Written by Clare Caro
On the 23rd March 2020, everything stopped as the country went into lockdown. We were bereft as we are normally so engaged with our community. With people panic buying, our usual surplus food donations from Tesco ground to a halt. All of us were worried about how to get our toilet roll!
We ummmed and arrrhhhhed quite a bit and then came up with a plan. Within the first few days of not working, an email from "Neighbourly" dropped into our inbox offering small grants for charities and community organistions, to support people affected by the Lockdown. We quickly applied for this grant and within a week had recieved the money.

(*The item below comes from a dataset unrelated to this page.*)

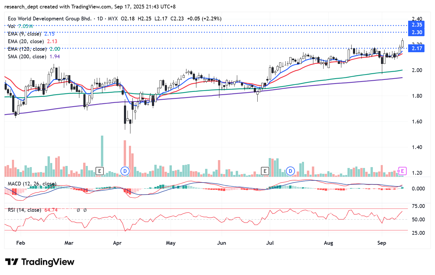 The stock consolidated for an extended period, briefly dipping to RM1.58 in April before stabilising. Momentum picked up in July, culminating in a breakout above RM2.17 recently. If strength persists, the next resistance is seen at RM2.30–RM2.35. On the downside, support is located at RM2.17.
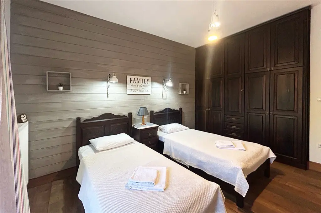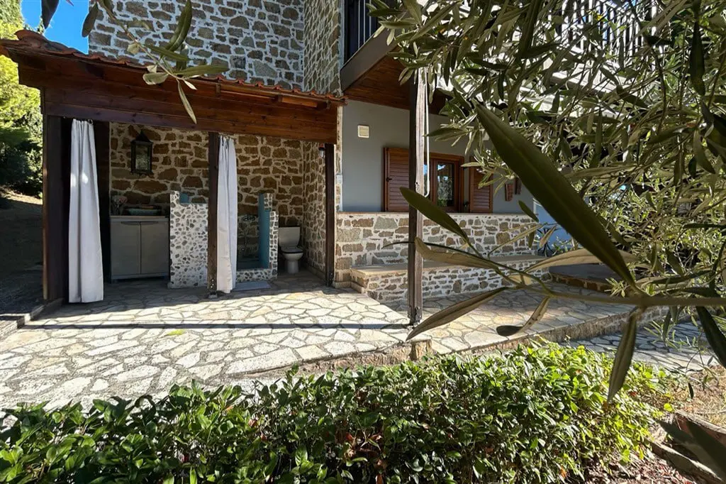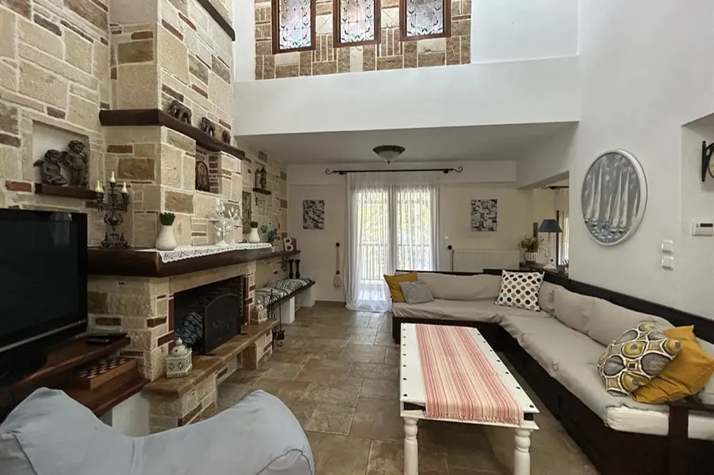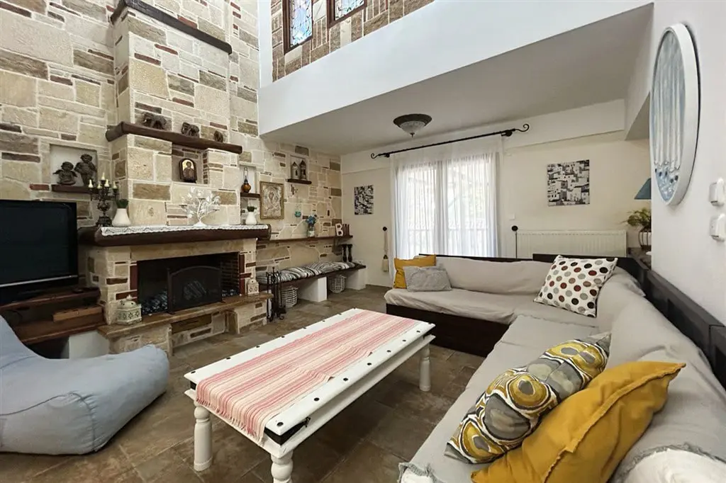 For sale: villa in Nikiti, Sithonia (Halkidiki). A spacious and fully furnished villa of 200 m² situated on a 2000 m² plot in a picturesque and quiet area, close to the sea and local amenities. The ground floor features a living room with a dining area and kitchen, one bedroom, and a bathroom with a bathtub. The second floor includes two bedrooms and a bathroom with a shower. The third floor has one bedroom and a bathroom with a shower. The house is fully furnished, and each room is equipped with air conditioning. An excellent option for permanent residence or vacation.

We decided that the best way to use this money was to buy food. We linked this to our Fill Yer Boots project and worked with schools and local volunteers to get boxes of food for Easter to families.
Another, bigger grant from Leicestershire and Rutland Community Foundation also came through to support our work to deliver surplus food. It enabled us to expand our food delivery to three schools, where we already have connections. There is currently an abundance of surplus food at Tesco that we pick up 4 or 5 times a week and distribute to families.
Dig for Rutland!
It is fortunate that visiting allotments has been allowed during this lockdown. We have been sowing hundreds of seeds at home for our own gardens and our three community growing spaces. Following discussions with Head Teachers, we have been caring for the growing spaces in two schools. Both primary schools in Uppingham have allotment beds that we have been clearing and getting food into the ground, ready for picking and eating this summer.
We are grateful to local folk for donating plants, seeds and tools for our projects.
Rutland Voluntary Sector Connections
We are really fortunate to have such strong networks within the voluntary sector. There have been weekly Zoom meetings with others working in the community during this time and we have managed to discuss potential and exisiting projects and ideas for the benefit of our Rutland community.
On a beautiful sunny day in November 2019, we were delighted to host The High Sheriff. Fully prepared in wellies and warm clothes Margaret Miles was introduced to the forest school ethos with Uppingham C of E Primary School group. The children made sure our visitor was welcomed and knew how to walk around the fire circle, which trees you can climb, where the swings and dens were and shared their play and creations.
We received this email after her visit:
Dear Alex and Claire,
Thank you so much for letting me join you and the school pupils in Belton on Monday.
It was a real treat to meet the children who without doubt enjoyed the freedom to simply ‘play in the woods’ and the opportunity to learn about different countryside activities. They were all full of enthusiasm throughout the visit and so keen to share their learning with me.The learning opportunities that you provide, as well as giving them time for unstructured play , is impressive.
Thank you both for your hard work and dedication, to a cause that is so invaluable for our young people of Rutland.
I hope to catch you again at the Rutland Farm Park on a Wednesday.